What is it that will help your students understand the particular ideas, concepts and practices you’re trying to explain? Often, what people think teaching ‘should be’ gets in the way of answering such questions. There is no secret golden method that will change everything.

What advice do you have for those who find less motivation in teaching than in research?

The way I think about it is, academics have a responsibility to look after knowledge. How do you make the knowledge you’re incredibly excited about as a researcher accessible to your students? The more you understand that it’s about giving your particular take on a subject, the more it becomes something that’s about your personal relationship to knowledge, rather than trying to introduce students to a depersonalised block of knowledge that would be uninspiring and boring to anyone.

What do you find most difficult in your teaching practice?

On our structured doctoral programmes, I have found it much easier to teach 30 to 50 people than a small group. I see my role as a teacher to provide students with ideas and resources, and then to help them think about how that’s going to play out in their own work. I find that much more difficult in a smaller group, where there is much more attention on me. I’m not sure I succeeded in that setup. That’s the thing about teaching—there are some things that are difficult; you just do your best.

Has the Teaching Excellence Framework (TEF) affected teaching in universities?

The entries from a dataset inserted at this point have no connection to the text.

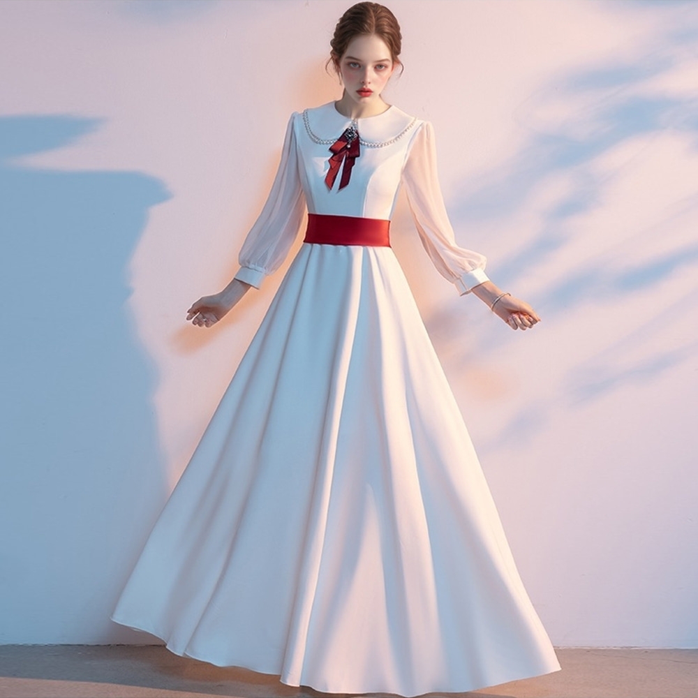 화이트 진주디테일 맥시 라운드카라 원피스 경성의상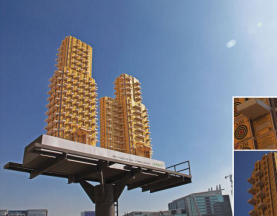 1、印度Karma Lakelands新别墅社区户外广告牌,由数百个火柴盒粘贴成社区高楼的模型,别墅区建筑外形观众一目了然。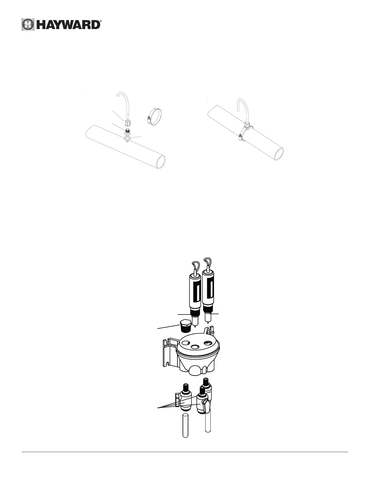 piscine avant de les installer. Appliquer une longueur de ruban Téflon sur le filetage des sondes. Serrer les sondes à la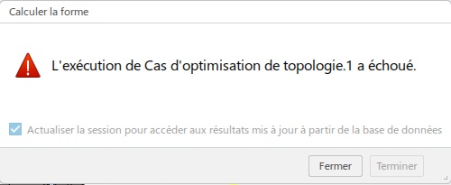 J'ai un problème lors de l'exécution d'un calcul de forme dans FGD. Le calcul se lance mais au bout 1min environ ce message d'erreur s'affiche mais il ne me donne aucune information sur d'où provient le problème.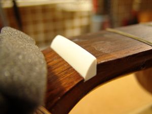 - 25.他の弦も同じ要領で調整しました。弦高調整後のナットです。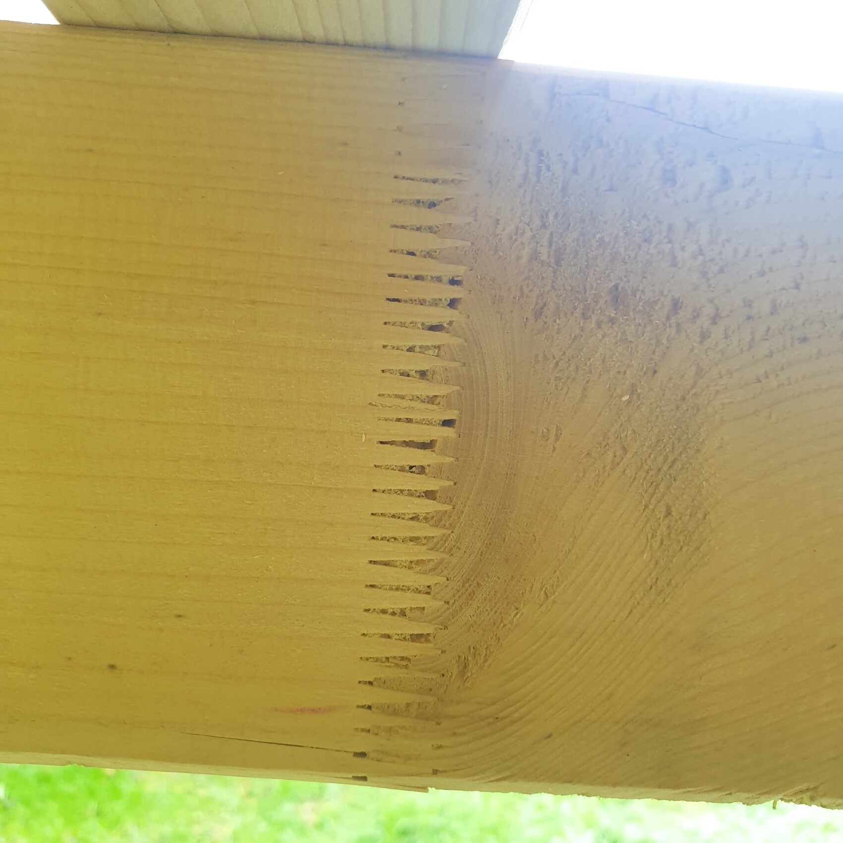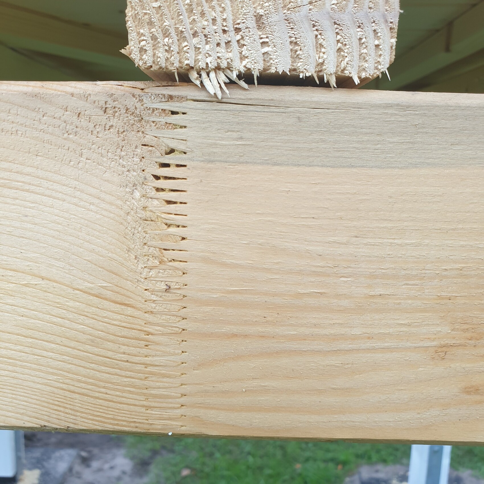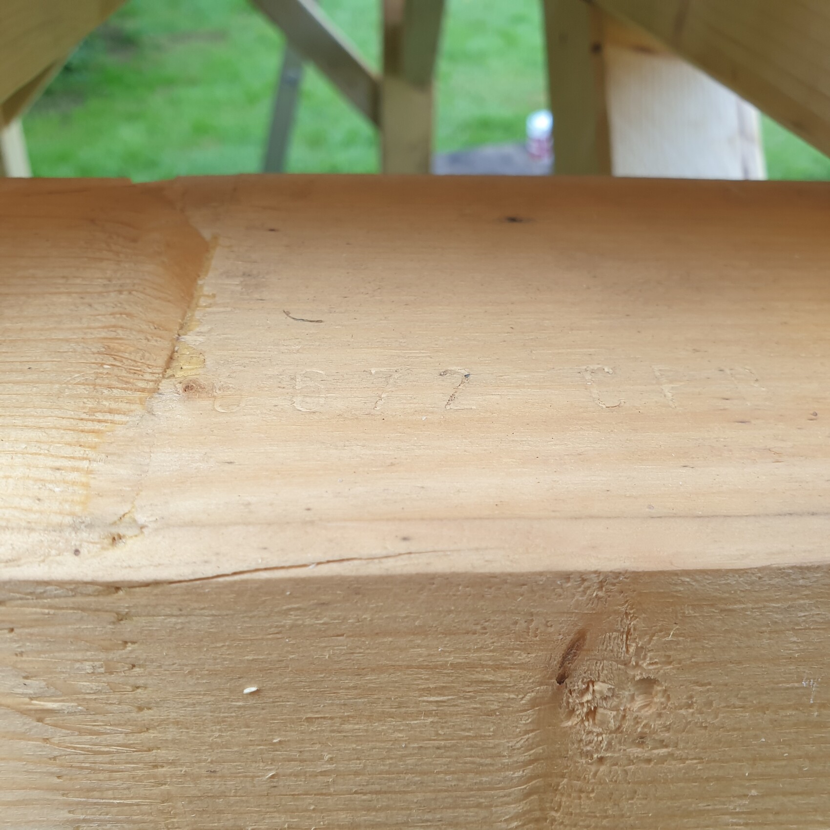 ich hoffe ihr könnt mir weiter helfen. Wir haben gerade ein Spielhaus gebaut bzw teilweise bauen lassen. Wichtig ist mir natürlich die Sicherheit, also dass alles sehr stabil ist, darum habe ich auch auf 6 12x12 Balken bestanden obwohl der Handwerker das übertrieben fand (das Haus hat 3x2 Meter und ca 300 Kilo Gewicht). Jetzt wollte ich den Schutzanstrich starten und habe "so komische Zinken", die für mich nicht ganz korrekt aussehen bei der 2 Meter-Überspannung gefunden. Das untere Gerüst hat uns komplett ein Handwerker gebaut und das Material besorgt. Habe dann diese Zinken gegoogelt und große Bedenken ob unser Querträger schadhaft ist und die Statik schwächt. Hoffe ihr könnt mich beruhigen, ich dachte ich hätte alles statisch überdimensioniert geplant und dann sowas. Das erste Bild zeigt die Stelle, dann kommt zweimal der Stempel auf dem Balken, der mir leider nichts sagt ausser dass es nach einem CE-Kennzeichen Aussicht. Dann die potentiell schadhafte Stelle von innen und das Spielhaus.

There’s not a lot of evidence that it has directly affected teaching. Unsurprisingly, the main impact is on how universities monitor the metrics covered by the TEF. A lot of the unfortunate things that have come through the TEF, like those through the Research Excellence Framework and the Research Assessment Exercise before it, are in fact down to how institutions have interpreted it and introduced performance management systems, rather than anything in the policy itself.

How do you approach your funding bids?

My strategy has always been to follow the thing I’m interested in. If your main focus is the money, then you’ve completely wasted your time if you don’t get the funding. And if you do get the money, it will never be as much as the work you’re going to do. Unless it’s research that you definitely want to do, there’s no point in putting in the application.

Do you plan beyond your next project?

I do. If you focus on individual projects, and you move from project to project, every specific application becomes important. But if you take a broader view and think about how your projects connect and form an overall contribution to your discipline, that can make life easier. 

I try to work on five- to 10-year timescales and think about where my research is going in this period. Just spending that time standing back and thinking about the overall trajectory helps.

How do you deal with funding setbacks?

Whenever I’m putting in a bid, I assume it will be rejected, as most bids are. If you think, ‘Oh well, I thought that might happen’, and you know what your next move is, things feel less unstable. Clearly, your institutional position and your job security play a huge role in whether you can do this.